Jan 17, 2015 09:47 PM EST

German Chancellor Angela Merkel met with European Central Bank President Mario Draghi on Wednesday, a government spokesman said, ahead of a key ECB meeting at which the bank is poised to announce a scheme to print fresh money to buy state bonds.

The meeting happened on the same day that a top EU court adviser removed a hurdle to ECB plans to buy government bonds to bolster the euro zone economy, a step known as quantitative easing (QE).

Launching the scheme, however, faces political obstacles such as opposition from Germany's Bundesbank and a skeptical public.

Against this backdrop, Draghi visited Merkel at her office in Berlin. "It was one of the informal meetings that take place regularly," the government spokesman told Reuters on Friday.

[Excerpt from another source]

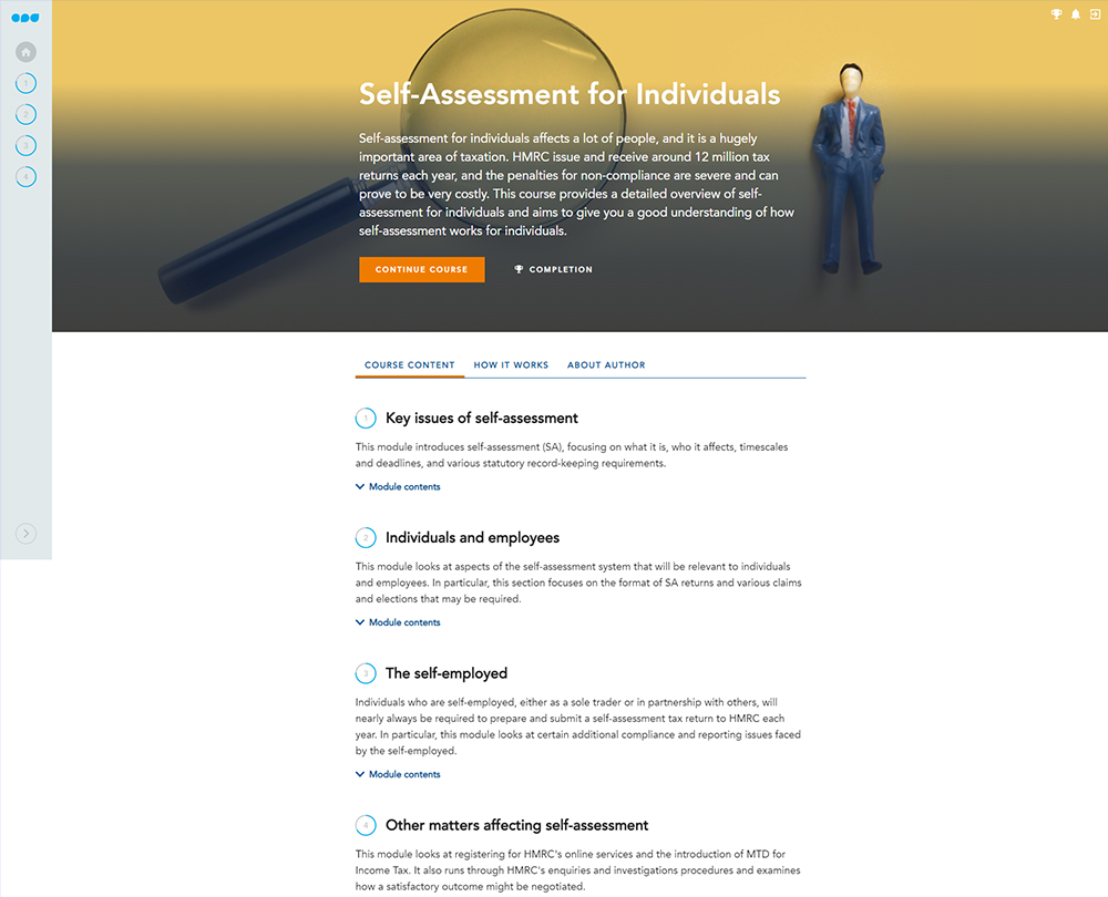 This course outlines the key principles of the UK’s self-assessment regime for individuals. You’ll explore who needs to complete a return, the required timescales, what records must be kept, and how claims and elections are made. The course also covers compliance issues for the self-employed, registering for HMRC’s online services, and handling enquiries or investigations.

A spokesman for the ECB said: "The ECB naturally maintains regular contact with European leaders."

But while the German government described the meeting as informal, German magazine Der Spiegel said Draghi had outlined his plans for QE, including a framework to leave the burden of risk with national central banks rather than the ECB.

The magazine said that each central bank would be limited to buying a maximum of up to 25 percent of its country's outstanding debt, taking the responsibility and risk for buying the bonds itself.

Each national central bank would be liable "at least for the half" of any sovereign risk it shoulders, weekly newspaper Frankfurter Allgemeine Sonntagszeitung reported, without citing named sources, in the media summary of an article.

Reuters has also reported that ringfencing risk at a national level, viewed critically by some who say it heralds the disintegration of the euro, may be one of the hallmarks of the new scheme.

In the magazine report, the head of the Dutch central bank, Klaas Knot, supported this idea.

"If every central bank would only buy the bonds of its own country, then it would reduce the risk that it would come to an undesired redistribution of financial risks," he said.